Мощные советские силы, состоящие из коммунистов… Комиссарский десант…
Прямо скажем, здорово приврали гитлеровцы, сказав такое. Что в десанте участвовали лишь добровольцы — это да, чистейшая правда. Правда и то, что большинство десантников были комсомольцами. Но капитан Исаев и еще двадцать семь человек из его роты не только в партии, даже в комсомоле не состояли. Да они посчитали бы себя счастливейшими людьми, если бы имели право в полный голос назвать себя коммунистами!
Не пришла действенная помощь к десантникам. Зато фашисты к рассвету подтянули к Петергофу внушительные силы, в том числе и танки. И опять, добившись огромного превосходства в силах, фашистское командование не бросило свои войска немедленно в лобовую атаку, оно повело планомерное наступление вдоль берега Финского залива. Чтобы отрезать от него десантников, окружить и уничтожить их в старинном парке. И окружили. Так окружили, что казалось, будто никто из десантников не сможет выскользнуть отсюда.
Увидев фашистские танки на аллеях парка между его ротой и серовато-свинцовой водой Финского залива, капитан Исаев понял, что их полк не сможет решить свою задачу — срубить вражеский клинышек, острием своим воткнувшийся в залив, что лишь одиночкам из них, десантников, выпадет счастье выбраться отсюда.
Поставил ли гибель десанта в вину новому командующему Ленинградским фронтом? Даже мысли о чем-то подобном не позволил народиться: знал, что на войне самый верный расчет может прахом пойти из-за какой-нибудь кажущейся мелочи, которую при разработке операции в мощнейшую лупу углядеть невозможно.
Стало ли страшно, когда осознал, что смерть к нему сейчас так близка? Нет, страха не было. А вот большая тревога заполнила душу. Тревога за судьбу Ленинграда и вообще всей Родины. Угроза, нависшая над ними, была во много раз весомее того, что могло случиться с ним, капитаном Исаевым, с каждым из его бойцов. Потому, поняв главное, капитан Исаев и поставил перед собой вполне конкретную и посильную задачу: сегодня, пока еще жив, постараться убить как можно больше гитлеровцев. И он стал стрелять вовсе скупо, лишь наверняка.
7
Злой западный ветер, разгулявшийся вчерашней ночью, все еще не потерял силы, и обрывки косматых черных туч, почти касаясь вершин раскачивающихся деревьев, в панике неслись на восток, где сторожко спал (или только притворялся спящим?) огромный город, оказавшийся в блокаде. Весь Финский залив — насколько видели глаза — в ершистых волнах. И еще примета сегодняшней ночи — свирепый косой дождь. Он безжалостно хлещет по лицу, будто норовит ослепить, если и не навсегда, то уж на несколько самых нужных минут — наверняка.

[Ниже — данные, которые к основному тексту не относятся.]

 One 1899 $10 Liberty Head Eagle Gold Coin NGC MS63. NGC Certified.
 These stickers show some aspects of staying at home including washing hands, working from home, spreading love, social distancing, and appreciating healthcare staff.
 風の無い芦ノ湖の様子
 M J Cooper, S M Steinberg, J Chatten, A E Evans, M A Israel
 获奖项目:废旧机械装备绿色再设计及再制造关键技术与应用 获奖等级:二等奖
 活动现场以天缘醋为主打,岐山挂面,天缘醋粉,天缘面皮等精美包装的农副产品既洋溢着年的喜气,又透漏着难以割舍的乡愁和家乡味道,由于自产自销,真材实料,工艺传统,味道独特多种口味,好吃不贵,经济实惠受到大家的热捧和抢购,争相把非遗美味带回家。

Холодно так, что не спасает даже шинель. Невольно хочется перестать верить, что еще дня четыре назад здесь была самая нормальная осень, а не сегодняшнее предзимье.

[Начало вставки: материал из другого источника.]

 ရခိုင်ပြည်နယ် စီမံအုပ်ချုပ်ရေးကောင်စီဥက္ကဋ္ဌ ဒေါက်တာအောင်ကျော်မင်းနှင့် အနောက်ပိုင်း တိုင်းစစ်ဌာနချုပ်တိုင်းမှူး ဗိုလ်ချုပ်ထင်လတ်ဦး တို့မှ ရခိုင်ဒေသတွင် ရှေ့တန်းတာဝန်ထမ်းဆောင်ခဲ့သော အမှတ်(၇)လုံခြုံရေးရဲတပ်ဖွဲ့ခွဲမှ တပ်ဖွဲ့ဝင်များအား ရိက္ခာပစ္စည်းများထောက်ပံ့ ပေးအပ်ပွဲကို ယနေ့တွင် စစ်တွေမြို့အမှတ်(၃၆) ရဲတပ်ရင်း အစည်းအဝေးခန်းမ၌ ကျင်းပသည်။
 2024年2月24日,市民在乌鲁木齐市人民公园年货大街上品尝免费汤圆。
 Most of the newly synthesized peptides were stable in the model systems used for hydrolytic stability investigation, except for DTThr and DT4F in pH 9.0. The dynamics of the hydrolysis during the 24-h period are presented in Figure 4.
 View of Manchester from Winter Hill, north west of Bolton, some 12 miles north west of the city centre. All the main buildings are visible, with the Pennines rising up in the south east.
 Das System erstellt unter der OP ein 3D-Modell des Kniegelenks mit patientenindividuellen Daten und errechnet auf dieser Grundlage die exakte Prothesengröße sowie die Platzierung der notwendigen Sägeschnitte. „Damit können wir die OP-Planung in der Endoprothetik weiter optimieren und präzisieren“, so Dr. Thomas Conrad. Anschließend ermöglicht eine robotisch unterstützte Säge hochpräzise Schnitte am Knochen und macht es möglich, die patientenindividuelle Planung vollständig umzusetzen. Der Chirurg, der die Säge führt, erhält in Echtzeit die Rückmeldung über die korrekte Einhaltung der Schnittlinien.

Солдат Карпов, прозванный товарищами Трижды Рыба, чтобы хоть самую малость уберечься от пронизывающего холода и секущего дождя, как только заступил в наряд, поднял воротник шинели и за ним прячет свое лицо. Он с напарником бредет по береговой кромке Финского залива. У самой воды. Оставляя на мокром песке отчетливые следы, которые скоро и обязательно начисто смоет очередная волна. Карпов и его напарник — дозор. Им приказано обязательно увидеть все, что волны выбросят на этот участок берега. Увидеть и непременно доложить начальству: иной раз простой обломок самой вроде бы обыкновенной доски может об очень многом рассказать.

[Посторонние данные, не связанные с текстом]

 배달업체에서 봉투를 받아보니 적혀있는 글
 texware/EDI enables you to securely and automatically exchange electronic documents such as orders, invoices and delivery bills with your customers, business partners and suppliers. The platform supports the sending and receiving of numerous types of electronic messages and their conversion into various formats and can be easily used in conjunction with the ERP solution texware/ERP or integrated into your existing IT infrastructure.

Уже третий час они мерили шагами безлюдный берег, но только и видели рваные черные тучи, убегающие от войны на восток, да волны, упрямо разбивающиеся о песок этого недавнего пляжа, где в воскресные дни еще несколько месяцев назад было тесно от беззаботной детворы и счастливых матерей. Настолько все это — и черные рваные тучи, и косматые волны — надоело, что солдат Карпов, старший наряда, не всматривался во взлохмаченную ветром воду, а лишь скользил по ней почти равнодушными глазами. И все равно он первый увидел, как вдруг, казалось из самой морокой пены, возникли три человека. Они не крались, сжимая в руках оружие. У них едва хватало сил, чтобы стоять, поддерживая, подпирая друг друга; их автоматы, про которые эти люди, похоже, вообще забыли, лишним грузом болтались на груди своих хозяев.